The independent investigator blinded to the study continuously monitored the patient in the PACU and recorded the maximum value of each variable of the Pediatric Anesthesia Emergence Delirium (PAED) scale [Citation27] at arrival, 5 min later then every 15 min for the first hour starting from time of awakening. Patients who were asleep during these intervals were given zero score in PAED scale.

Postoperative pain was assessed by using face, legs, activity, cry and consolability (FLACC) pain scale [Citation28,Citation29] in all patients every 15 min for 1 h.

Blinded study personnel recorded the number of episodes of vomiting or retching occurring in the PACU. For the purpose of the current study, vomiting was defined as the forceful oral expulsion of liquid or solid gastric contents. Both vomiting and retching were considered as vomiting events. Patients requesting an antiemetic were treated with ondansetron 0.1 mg/kg1. If the vomiting remained uncontrolled, repeat administrations of ondansetron were given up to a maximum total dose of 4 mg. The total consumption of antiemetic was recorded.

The need for rescue analgesia in the form of IV acetaminophen was noted in the PACU. Time to spontaneous eye opening and time to discharge from PACU were also noted. Children were discharged when they were calm, had no pain and had a modified Aldrete [Citation30] score >9.

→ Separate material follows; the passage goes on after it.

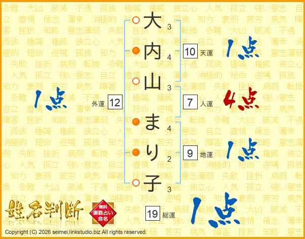 大内山まり子さんの人運は7画の4点!
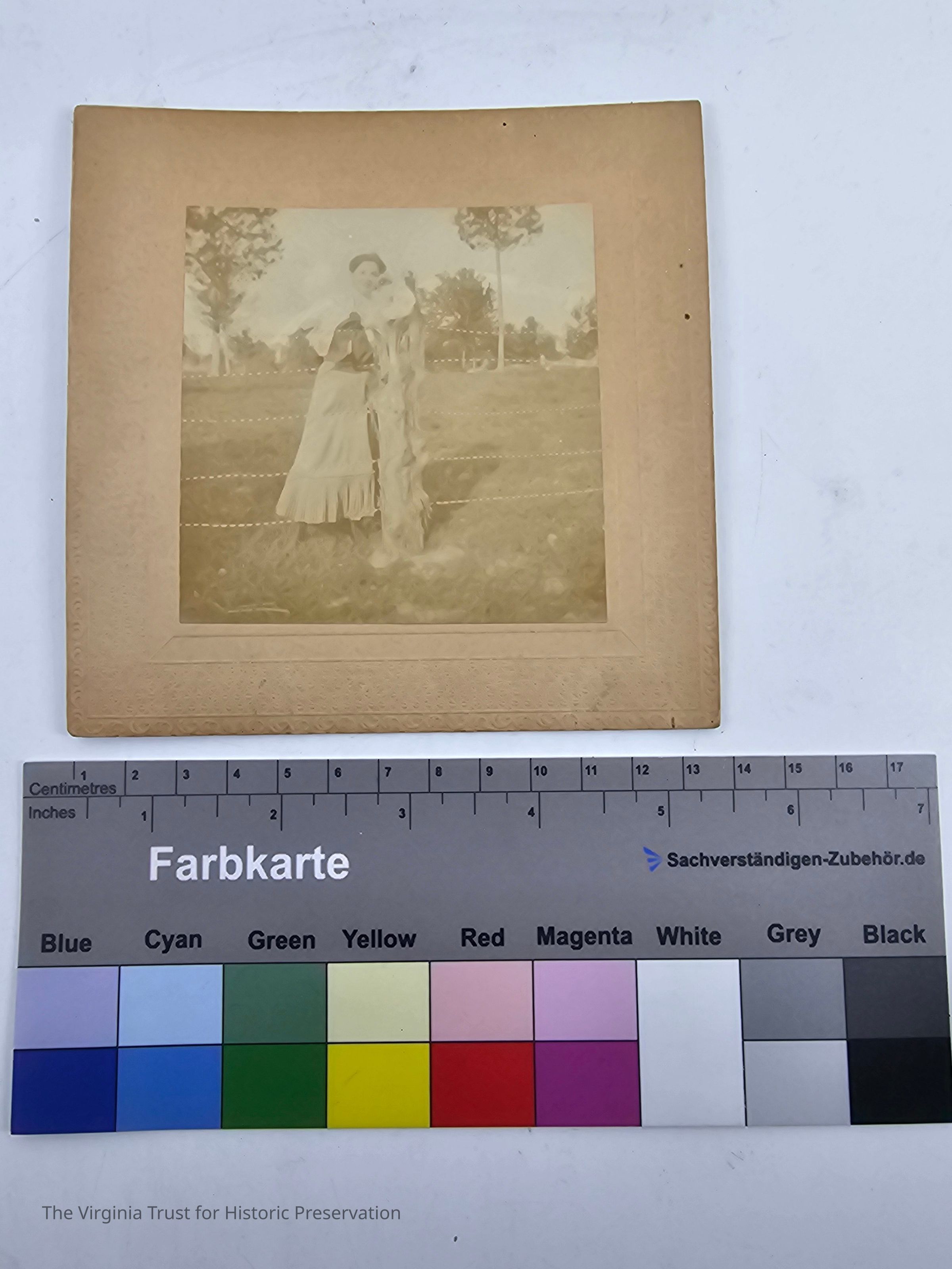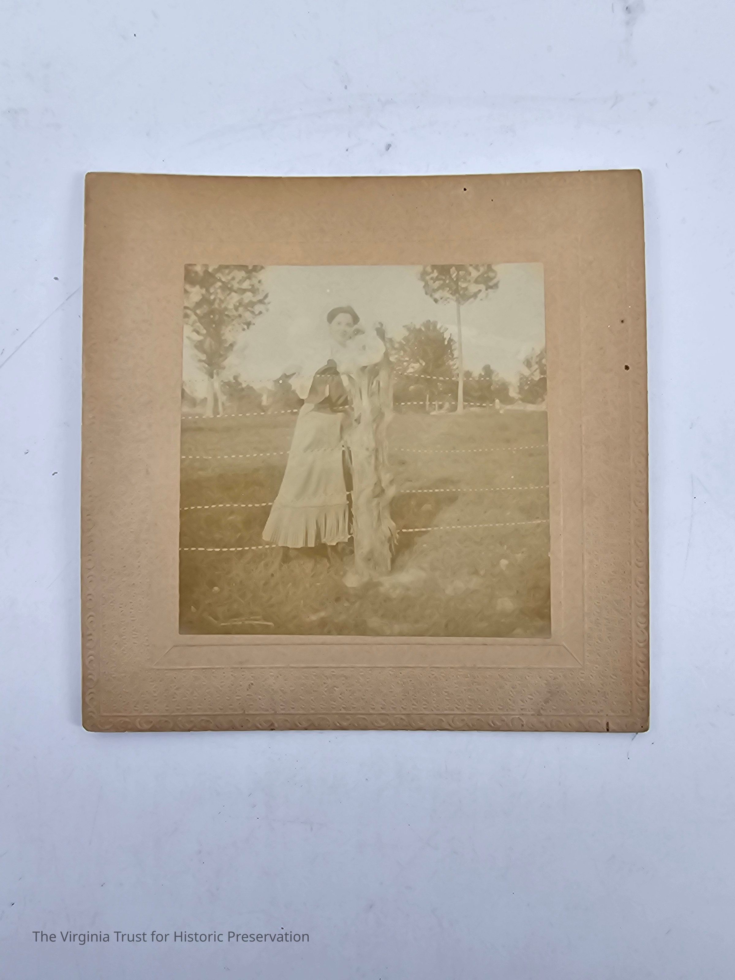 One of 24 theater programs, souvenirs, photos, and papers collected by Maude Downham. "Woman at Ranch". Woman leaning on a fence post. Photo faded.

The PAED scale contains five items (eye contact, purposefulness of actions, awareness of surroundings, restlessness and consolability), each scored on a 0 to 4 scale, for a maximum of 20 points. A perfectly calm child scores 0 and extreme agitation corresponds to 20 points. The peak EA score was recorded. Agitation scores <10 were interpreted as an absence of agitation, scores ⩾10 were regarded as presence of agitation, and scores ⩾15 were regarded as severe agitation.

For patients with a total PAED score of >10 or a FLACC scale >4 in the PACU, the first measure was to facilitate parental contact and when this failed intravenous fentanyl 0.5 μg/kg was administered as rescue medication and repeated after 10 min if the agitation did not subside. Patients who received intravenous fentanyl were removed from the analysis after the administration of fentanyl.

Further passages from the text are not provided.